CHARLOTTE, N.C. — Two traditional rivals are joining forces, along with the Susan G. Komen Foundation, to try to put an end to metastatic breast cancer.


What You Need To Know

  • The research grants will be awarded later this year

  • Each grant must involve investigators from UNC and Duke

  • $500,000 will go specifically to looking at disparities between mortality rates in Black and white women

Duke University, the University of North Carolina, and Susan G. Komen are nearing their $1 million goal to start funding research grants.

The grants will require collaborations between Duke and North Carolina’s research facilities, doctors, and resources.

The collaboration between the two research centers will be the first of its kind, according to the foundation.

The end goal is to put a stop to metastatic breast cancer, which can lower five year survival rates for breast cancer patients from 99% to 27%, according to the foundation.

The research grants, once applications are submitted this summer, could help women like Dar Finkelstein.

"In June of 2019, I woke up with a sharp pain across my chest,” Finkelstein recalls, while standing in her kitchen.

She’s taking a break from putting the finishing touches on a new video for her YouTube channel named, Choose to Live With Joy.

Her mission to help others find joy might surprise you, if you knew what Finkelstein is dealing with in her personal life.

The pain was the return of Finkelstein’s breast cancer. This time, the cancer had returned to her bones and is stage 4.

"It has no cure, it is a terminal disease and you have to, for however long your life span is, you have to be on treatment,” Finkelstein says simply.

However, she does not spend too much time thinking about it. She’s too busy.

Finkelstein runs Facebook and YouTube pages, produces and hosts a podcast segment, and manages a support group to help others find joy. Some of the pages are devoted to helping metastatic breast cancer patients find joy, others are hoping to help all of us find joy.

“I’ve decided after I’ve had my diagnosis of metastatic breast cancer, that I was going to have joy in my life and I was going to share that joy with other people,” Finkelstein says.

Some days, it’s harder to find joy than others.

Doctors are worried Finkelstein’s cancer is progressing, meaning she could have to switch treatments soon.

“There’s a huge wide variety of treatments now, because of research that’s happened in the past,” Finkelstein adds.

But the clock is always ticking. Finkelstein is concerned about switching treatments, since it can be expected each new treatment lasts a shorter time than the first one.

Susan G. Komen, Duke, and North Carolina are hoping to add more ammunition to the fight, or put a stop to it altogether.

A recent $500,000 donation from Blue Cross and Blue Shield of North Carolina brought them close to their goal of $1 million for metastatic breast cancer research grants.

The $500,000 from Blue Cross and Blue Shield of North Carolina will specifically go to fund research grants examining disparities between mortality rates in Black women compared to white women with metastatic breast cancer.

Duke University medical researcher and Ph.D. Donald McDonnell says the research is desperately needed.

"These projects won’t look at prevention, they won’t look at treatments for all types of cancer. We are focused on metastatic breast cancer.
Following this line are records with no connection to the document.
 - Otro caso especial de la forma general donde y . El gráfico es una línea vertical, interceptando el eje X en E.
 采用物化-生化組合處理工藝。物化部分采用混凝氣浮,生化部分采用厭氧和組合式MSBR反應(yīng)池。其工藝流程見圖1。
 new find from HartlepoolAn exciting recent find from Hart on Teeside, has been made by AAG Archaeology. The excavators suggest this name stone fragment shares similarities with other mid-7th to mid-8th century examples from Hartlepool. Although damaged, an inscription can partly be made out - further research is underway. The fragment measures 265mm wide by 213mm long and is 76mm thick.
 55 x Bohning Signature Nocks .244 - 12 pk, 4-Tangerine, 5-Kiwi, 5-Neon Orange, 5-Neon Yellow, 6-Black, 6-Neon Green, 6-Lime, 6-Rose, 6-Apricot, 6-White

The cancer that kills most women,” McDonnell says over a Zoom call.

McDonnell says the grant applications should come in this summer, with the first approvals and money sent out by the fall.
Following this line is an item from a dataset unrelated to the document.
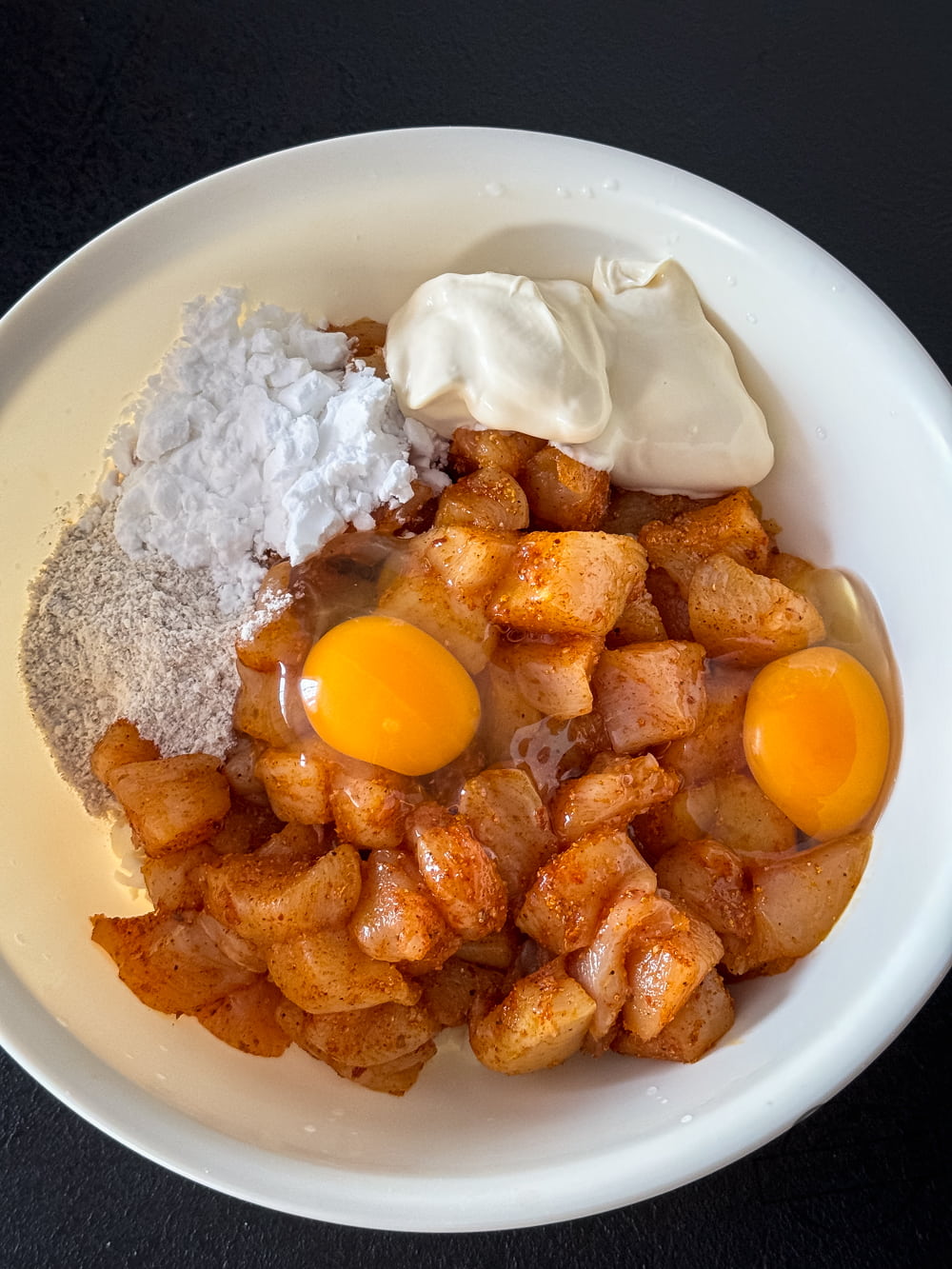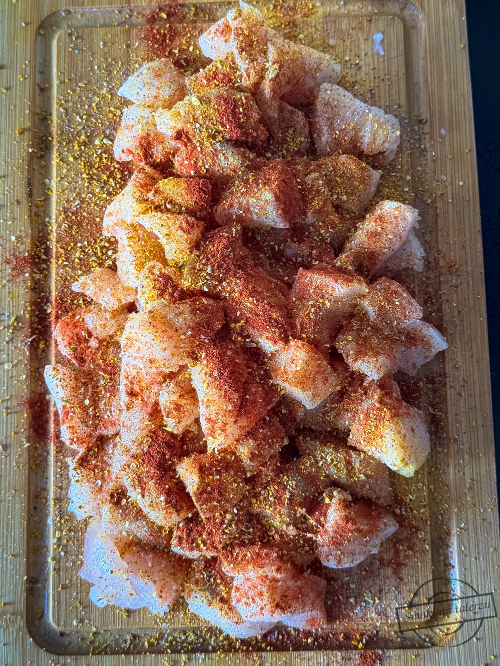 Mięso kroimy w drobną kostkę, oprószamy solą, pieprzem, curry oraz mieloną papryką słodką i ostrą. Mieszamy.

“All the money, first of all, has been generated in North Carolina for this initiative and then all the research, at least for the first year, must be spent on a project that is a collaborative project with investigators from both Duke and UNC working together,” McDonnell says with a smile, adding they’ll have to be old rivalries to the side.

McDonnell also emphasized the $500,000 headed directly to research aimed at helping Black women.
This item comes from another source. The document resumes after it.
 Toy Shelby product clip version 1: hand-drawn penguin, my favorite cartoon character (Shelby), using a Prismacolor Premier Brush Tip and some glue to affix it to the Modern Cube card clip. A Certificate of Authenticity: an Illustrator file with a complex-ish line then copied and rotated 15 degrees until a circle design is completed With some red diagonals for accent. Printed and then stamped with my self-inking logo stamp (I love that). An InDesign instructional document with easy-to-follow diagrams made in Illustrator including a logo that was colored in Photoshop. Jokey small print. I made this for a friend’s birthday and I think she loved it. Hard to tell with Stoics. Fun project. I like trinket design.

“Women of African American descent are more prone to get a type of breast cancer called triple-negative breast cancer, the type of breast cancer we’re more associating with younger women, and that type of breast cancer is one of those cancers we have a particularly hard time dealing with,”McDonnell explains.

The collaboration was the result of Development Director Pam Kohl, who McDonnell says came up with the idea at an event featuring experts from both Universities.

She took the idea and ran with it, setting a goal to raise $1 million and put it directly back into research based out of North Carolina, adds McDonnell.

The grant applications will be reviewed by the Komen Scientific Advisory Board.

At the end of the day, it’s giving Finkelstein a reason to hope.

"I made up my mind I was going to have a joyful life no matter how many months or years that I have left,” she says on her sunny back porch.

Donations are still being accepted and the MBC Collaborative Research Initiative hopes to continue into future years.